18. Fale-me sobre o seu cotidiano de trabalho.

19. Fale-me sobre as demandas do cotidiano profissional e sobre o número de

assistentes sociais para dar resposta a elas. (Esse número tem sido suficiente?).

19.1. Comente sobre a quantidade, o volume de trabalho posto ao Serviço

Social nesta Instituição.

19.2. Comente sobre as demandas que não são para o Serviço Social, mas

que chegam ao setor.

20. Fale-me sobre a frequência com que tem tido a impressão de que tem

trabalhado demais e de que o tempo não é suficiente para dar conta de todas as

demandas.

21. Comente sobre a relação com os sistemas informatizados utilizados pelo Serviço

Social na operacionalização da assistência estudantil.

22. Fale-me sobre a sua carga horária diária de trabalho, se costuma trabalhar aos

finais de semana e/ou fora do expediente.

23. Comente sobre a relação do Serviço Social com a Chefia.

24. Fale-me sobre as competências e atribuições do assistente social na educação e

sobre quais têm sido possível desenvolver neste espaço ocupacional.

25. Comente sobre a atual configuração da assistência estudantil e sobre os

desafios que ela impõe ao trabalho profissional.

26. Fale-me sobre as suas condições objetivas de trabalho.

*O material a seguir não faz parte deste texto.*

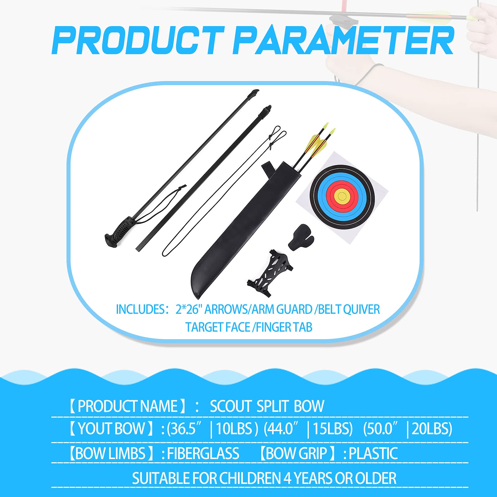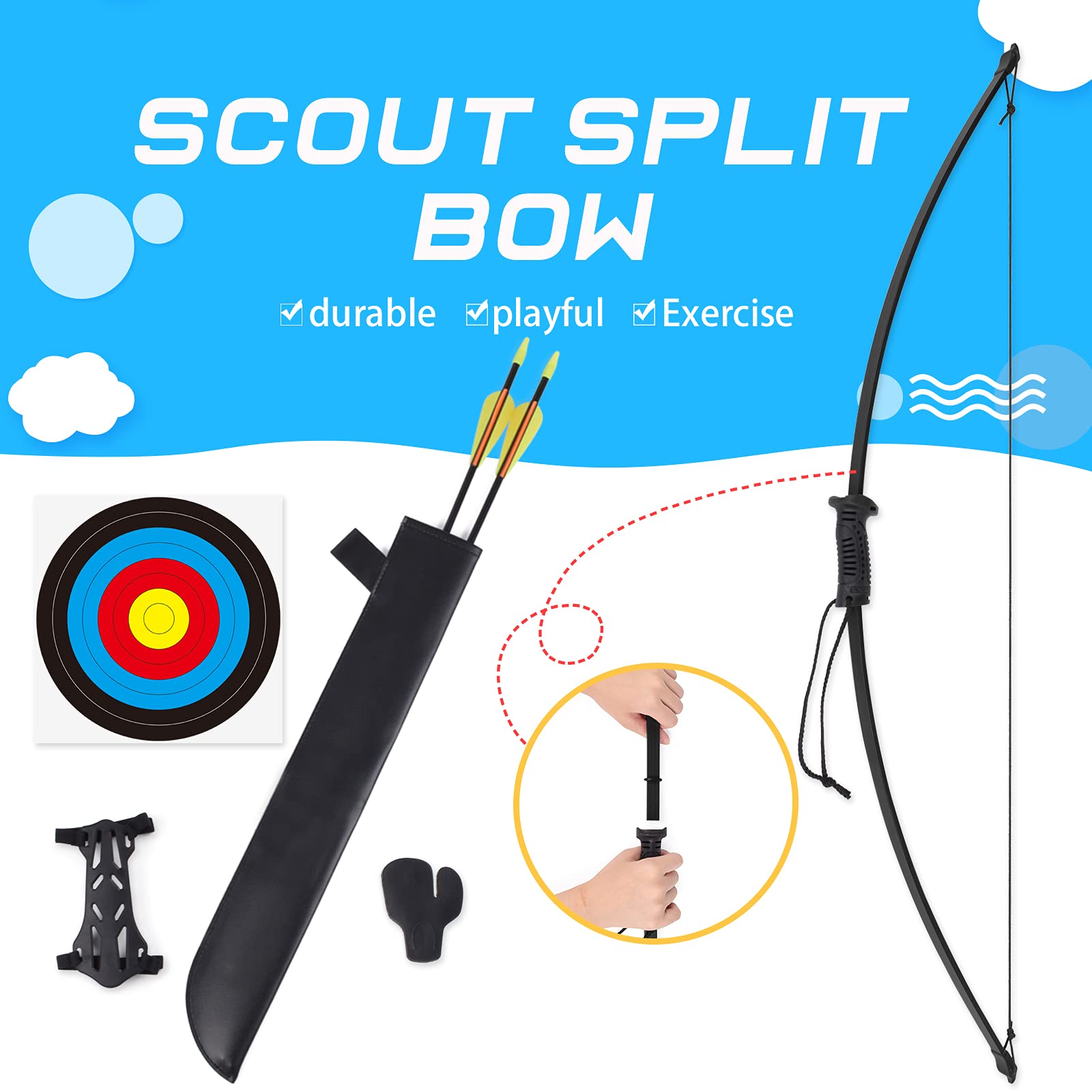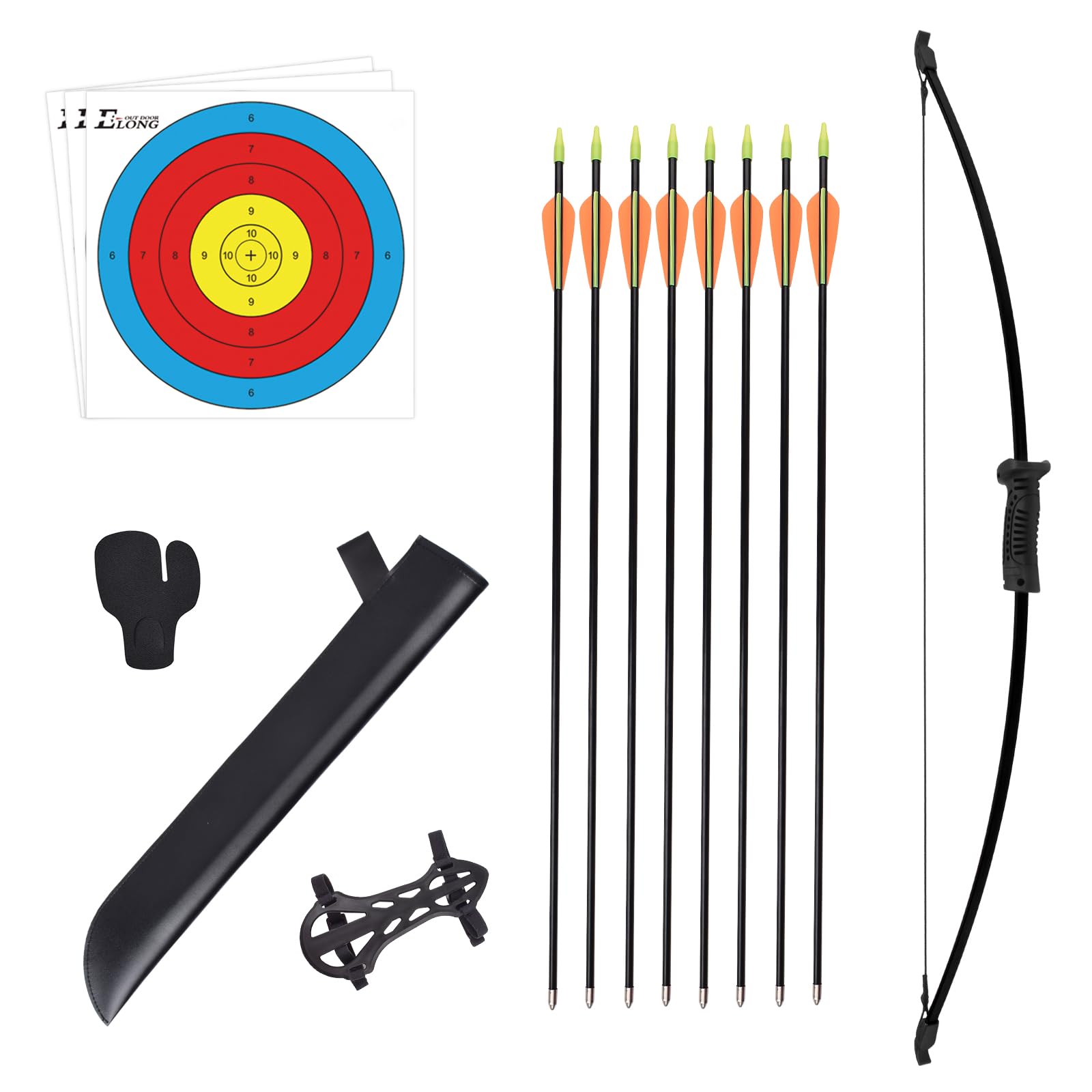 Set arc recurv pentru copii, cu tolba, 66 cm, 8 sageti, pentru varste de 12+

27. Fale-me sobre as suas condições subjetivas de trabalho.

28. Fale-me sobre a sensação de cobrança de produtividade em seu trabalho.

29. Comente sobre a existência de precarização em seu trabalho.

30. Fale-me sobre as estratégias que têm sido pensadas e formuladas pelo Serviço

Social no enfrentamento a essa realidade.

30.1. Comente sobre como os assistentes sociais têm se organizado e resistido

à precarização do trabalho neste espaço ocupacional.

31. Comente sobre a forma pela qual a legislação profissional pode contribuir na

resistência à precarização.

32. Gostaria de acrescentar algo sobre o qual não conversamos?